Kelenjar tiroid dan getah bening juga diperiksa secara menyeluruh.
15. Pemeriksaan alat kelamin dan lubang pelepasan. Pada pria dicatat kelainan bawaan yang
ditemukan, keluarnya cairan, kelainan lainnya. Pada wanita dicatat keadaan selaput darah
dan komisura posterior, periksa sekret liang sanggama. Perhatikan bentuk lubang
pelepasan, perhatikan adanya luka, benda asing, darah dan lain-lain.
16. Perlu diperhatikan kemungkinan terdapatnya tanda perbendungan, ikterus, sianosis,
edema, bekas pengobatan, bercak lumpur atau pengotoran lain pada tubuh.
17. Bila terdapat tanda-tanda kekerasan/luka harus dicatat lengkap. Setiap luka pada tubuh
harus diperinci dengan lengkap, yaitu perkiraan penyebab luka, lokasi, ukuran, dll. Dalam
luka diukur dan panjang luka diukur setelah kedua tepi ditautkan.

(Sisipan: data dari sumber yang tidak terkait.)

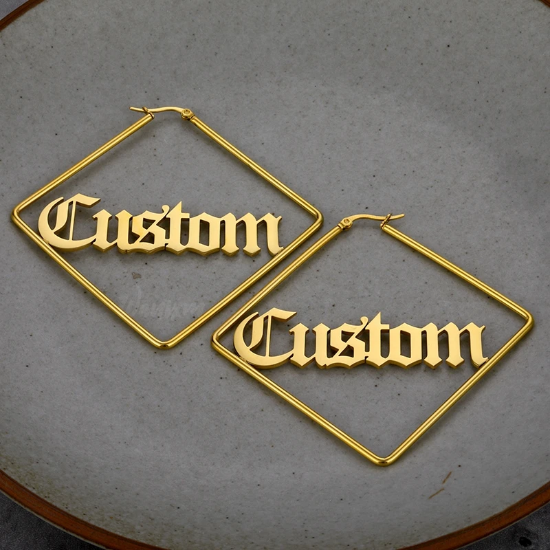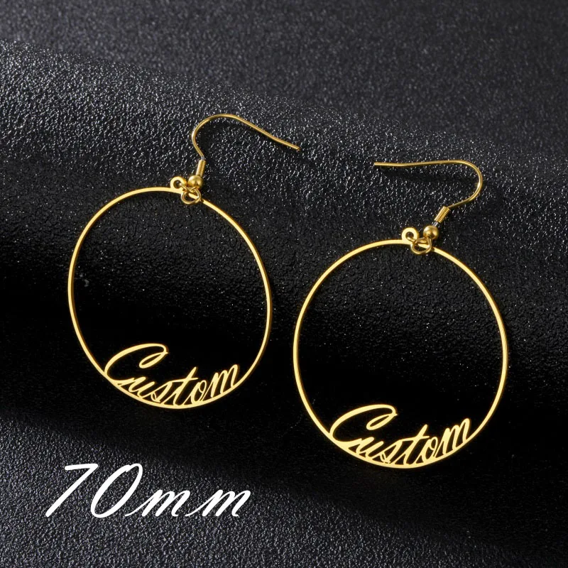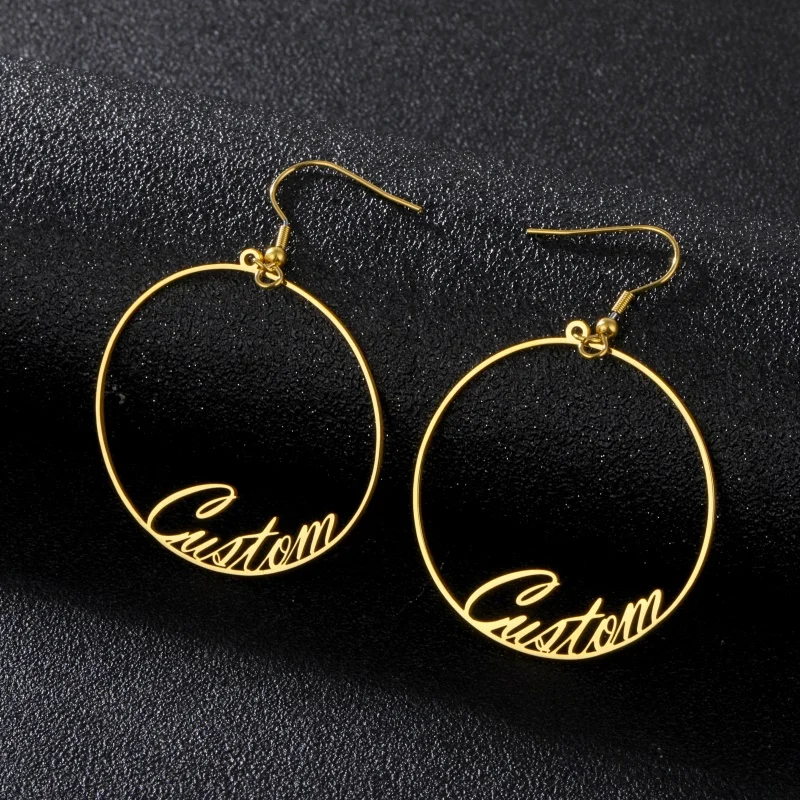 Большие серьги-кольца Wanixm из нержавеющей стали на заказ для женщин и девушек, индивидуальные серьги с надписью, именной табличкой, круглые ювелирные изделия

Lokalisasi luka dilukis
dengan mengambil beberapa patokan, antara lain : garis tengah melalui tulang dada, garis
tengah melalui tulang belakang, garis mendatar melalui kedua puting susu, dan garis
mendatar melalui pusat.
Contoh :
Luka panjang dua setengah sentimeter dan masuk ke dalam dada. Ujung yang satu
letaknya dua sentimeter sebelah kiri dari garis tengah melalui tulang dada dan dua
sentimeter di atas garis mendatar melalui kedua puting susu. Sedangkan ujung yang lain
lima sentimeter sebelah kiri dari garis tengah melalui tulang dada dan empat sentimeter di
atas garis mendatar melalui kedua puting susu. Saluran tusuk dilukis di bagian
pemeriksaan dalam, ditulis organ apa saja yang tertusuk.
18. Pemeriksaan ada tidaknya patah tulang, serta jenis/sifatnya. (1,3,4)
PEMERIKSAAN DALAM

Pemeriksaan dalam bisa dilakukan dengan beberapa cara berikut ini :

Insisi I dimulai di bawah tulang rawan krikoid di garis tengah sampai prosesus xifoideus
kemudian 2 jari paramedian kiri dari puat sampai simfisis, dengan demikian tidak perlu
melingkari pusat.

Insisi Y, merupakan salah satu tehnik khusus otopsi dan akan dijelaskan kemudian.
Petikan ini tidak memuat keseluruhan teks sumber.